A “semi-auto” way to determine parameters for SARIMA model

More aptly: how I learn to get out of the black box of auto_arima

George Tsang
12 min readJan 25, 2022

I have been spending nights to learn time-series analysis, which was not covered in the college program I recently finished. As soon as I read into it, I knew why it was not in the curriculum. It could easily take up a semester and still end up scratching the surface. That being said, there are also countless articles (like this complete guide by Marco Peixeiro) and tutorials on YouTube (e.g., ritvikmath) showing quite a few ways to apply it. Most of them can be grouped into 2 methods:

  1. determining parameters through some tests like Augmented Dickey-Fuller (ADF) test, autocorrelation function (ACF) plot and partial autocorrelation function (PACF) plot; and
  2. determining parameters through pmdarima, a very powerful Python package dedicated to ARIMA model and its variations. The auto_arima function is basically a grid search.

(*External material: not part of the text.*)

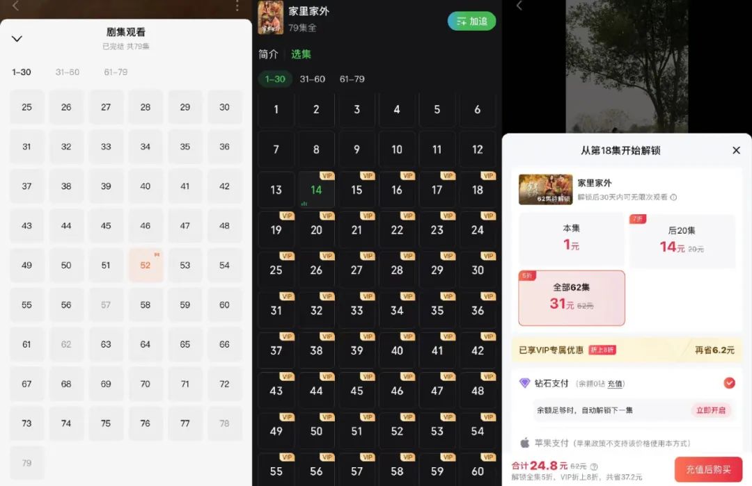 “独家首发”还得加免费定语,是因为爱奇艺和腾讯视频也上架了这部短剧。只不过爱奇艺的收看方式为13集后订阅会员专享,腾讯视频则是从能免费看前17集,剩下62集VIP会员能用24.8元购买,非会员购入价则是31元。

While automation is attractive, I prefer to learn, at least on high level, the principles before applying it. While learning to code and implement the model, I realized it would take forever to difference the series in every possible way, and interpret the ACF and PACF plots of each series one-by-one. I then thought to myself, “is there a ‘semi-auto’ way of to sieve parameters?” Using what I know at this point and my intuition, I came up with the following method.

In essence, there are 4 steps:

  1. Difference the time series with all possible combinations of orders of differencing, where d and D can be 0, 1, or 2, and filter away those non-stationary series. Check the possible values of d and D among the resulting series. This assume length of season (m) is known when doing seasonal differencing.
  2. Calculate ACF and PACF for each stationary series. Pick out the values that are significant from each series and sum their absolute values up by nth lag.
  3. Plot the sum of ACF and PACF by number of lag in bar charts. Then pick out the few lags of largest values as candidates for p and q. For P and Q, a bar at mth lag (and potentially multiples of m) should be present. For example, if m = 12, there could be bars at m*nth lags too. Pick out the few lags of largest values as candidates for P or Q.
  4. Generate all possible combinations of parameters with the candidates picked out in the previous steps. Feed all the combinations into the SARIMA algorithm. Then, evaluate the results as usual.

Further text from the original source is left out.